Punkin’ (Pumpkin) Jam


The smallest girl in our household calls pumpkins ‘punkins’ – hence the name ‘Punkin Jam’! If you think carving pumpkins are bland and boring and inedible, this might just be the thing to change your mind… I’m typing this with some hot buttered toast between my teeth with some soft, sweet jam on top… And that handsome chap in the background is Rob, carving our punkin into a fiendishly good lantern…

The usual rules of jam making apply, equal weights of fruit (or in this case, pumpkin) to sugar. I didn’t add any citrus to help it set, but if you’re worried, a squeeze of lemon or orange or lime wouldn’t go amiss…

First weigh your pumpkin flesh, or purée if you did as I did yesterday and boiled and blitzed it while you worked out what to do with it. Make a note of the weight (for this little jar I used 150g, but I only wanted to make a small amount as I have Grand And Exciting Plans for all that pumpkin purée – the trials of being a recipe blogger…)

Tip the weighed-out flesh/purée into a saucepan, and add the same amount of sugar (150g, in my case).

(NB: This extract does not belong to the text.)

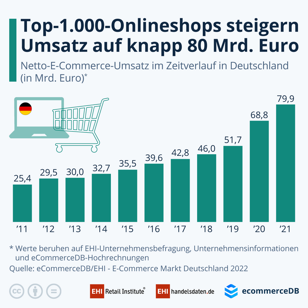 Die Angaben der Studie beruhen auf einer Händler-Befragung (EHI) und eCommerceDB-Hochrechnungen auf Basis einer Regressionsanalyse sowie Unternehmensangaben aus Geschäftsberichten, Pressemitteilungen sowie Unternehmenswebsites und ergänzt um Sekundärdaten. Schwerpunkt der Untersuchung waren B2C-Onlineshops sowie hybride B2C-Marktplätze für das Top-1.000er Ranking. Das Ranking basiert auf den Netto-E-Commerce-Umsätzen im Geschäftsjahr 2021. Komplementiert wird die Studie mit einer Liste ausgewählter B2C-Marktplätze, die aus reinen und hybriden B2C-Marktplätzen zusammengestellt wurde. Sie wird nach dem Bruttohandelsvolumen gelistet. Durch die permanente Anpassung der Umsatzmodellierung kommt es teilweise zu Veränderungen bei den Umsatzzahlen der modellierten Shops. Betreibt ein Unternehmen mehrere Onlineshops, so wurde jeder Shop separat betrachtet.
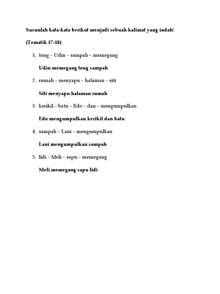 Dalam kalimat, kata leksikal berkedudukan sebagai subjek. Goda seorang gadis dengan menggunakan plastik sampah. Gabungkan kedua kalimat ini dengan kata hubung dan! Menggunakan kata perintah, contohnya yaitu ambilkan, jangan, tolong. Urutkan kata kata berikut menjadi kalimat.

Heat gently to melt the sugar, adding a splash of water if you’re using flesh not purée, to soften it. Cook on a low, slow heat to soften (2 minutes for purée, around 20 for scraped-out flesh, with a little extra water added as you go.)

Bring to the boil, stirring to stop it from sticking and burning at the bottom of the pan, and boil rapidly for a few minutes before reducing to a medium heat.

When it is smooth, thick and glossy, remove a teaspoon and dollop it onto a saucer to test and see if it will set. Leave it for a minute, then gently prod with your finger; if it wrinkles slightly, or sticks tacky to your finger, you’re good to go. If not, keep heating and stirring for a few more minutes, then test again.

When it’s ready, pour into jars, balance the lids on top and leave to cool completely, then seal.